Horacio era uno de los dueños principales del Yeca y siendo comienzo de temporada además de la comida traía varias latas de aceite de linaza con el que se impregnaban los pisos de madera, dejando ese olor tan característico y penetrante durante los días de calor.
― ¡Qué bien que viniste Horacio!
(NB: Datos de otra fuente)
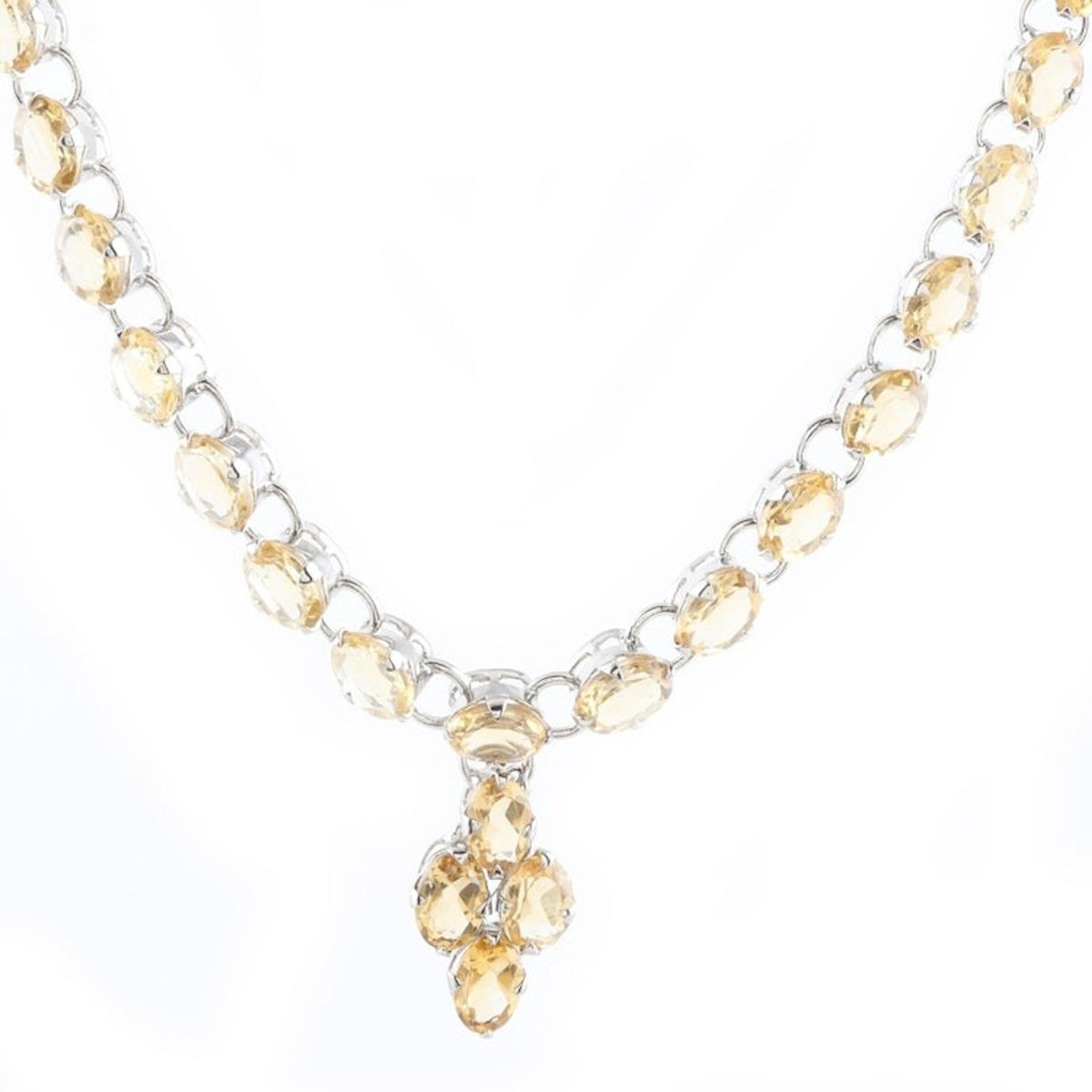 Handcrafted from rhodium-plated .925 sterling silver and citrine, this necklace measures 18.5 inches L. The pendant is 7.8 inches L x 0.9 inches W x 0.2 inches D and has a high-polish finish and a lobster claw clasp.
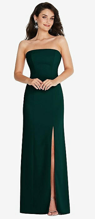 Strapless Scoop Back Maxi Dress with Front Slit in evergreen
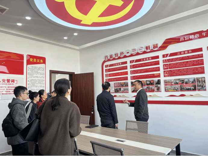 活动伊始,宋杰光领学了党的二十届四中全会公报内容,杨光远领学了四中全会百问部分内容,双方党员代表并结合校企各自优势展开深入研讨。宋杰光结合学院获批校级“样板支部”培育单位的建设经验,分享了党建引领创新创业教育的实践路径,提出以全会精神为指引,深化“党建+双创教育”模式,为企业输送更多高素质创新型人才的思路。杨光远则结合企业发展实际,介绍了党组织在技术攻坚、质量提升中的引领作用,重点分享了党员技术骨干带领团队攻克生产难题、推动产品升级的案例,诠释了“党建做实了就是生产力”的深刻内涵。学习间隙,党员们还参观了企业生产车间,在“党员先锋岗”“技术攻坚责任区”实地感受党建与生产经营的深度融合成效。

Te esperábamos ayer… ― Le saludó mi mamá.
― ¡No!... Si ayer se me hizo tarde, pero hoy me vine tempranito… tan lindo que está el día… y va a hacer calor…
Todos ayudamos a llevar sus cosas a la casilla, y cuando se intercambiaban las preguntas del caso, de cómo están todos, la salud, esas cosas, mi madre le contó:
― Estamos todos muy bien, pero anoche el pequeñito se moría de frío, casi ni pudimos dormir porque él no pegaba los ojos...
― Me parece que ya sé lo que pasó, y me parece que la culpa la tengo yo…
― ¡Pero Horacio! ¿Cómo podés decir eso?
― El chiquitín durmió en el catre… ¿No es verdad?
― Claro, durmió en el catre, si el hermano mayor es mucho más grande, a él le dimos la cama…
― ¿Y no le pusiste ninguna frazada debajo?
― ¿Debajo de qué, en el piso?
― ¡No mujer! Debajo de la sabana de abajo, si no, si no ponés una frazada debajo la lona es helada, te congela el frio que viene de abajo, aunque sea en pleno verano…
Mi mamá se quedó con la boca abierta y se agarraba la cabeza, ¡Cómo no había pensado en eso! Pero Horacio la defendía, entre los dos se disputaban la culpabilidad de mi noche fría.
― La culpa es mía porque dejé todas las otras camas paradas, apoyadas en la pared, es que el domingo le di una mano de linaza al piso y quedaron casi todas las camas paradas, y por eso vos utilizaste el catre…
Esa, que recuerde, fue la primera ocasión en que sufrí frio, y la tenía prácticamente olvidada. Después hubo otras, como aquella en que, también por la noche, me levanté muerto de frío a orinar y el agua del inodoro se había solidificado en un bloque de hielo ¡Dentro de la casa! Pero esas son ya otras historias.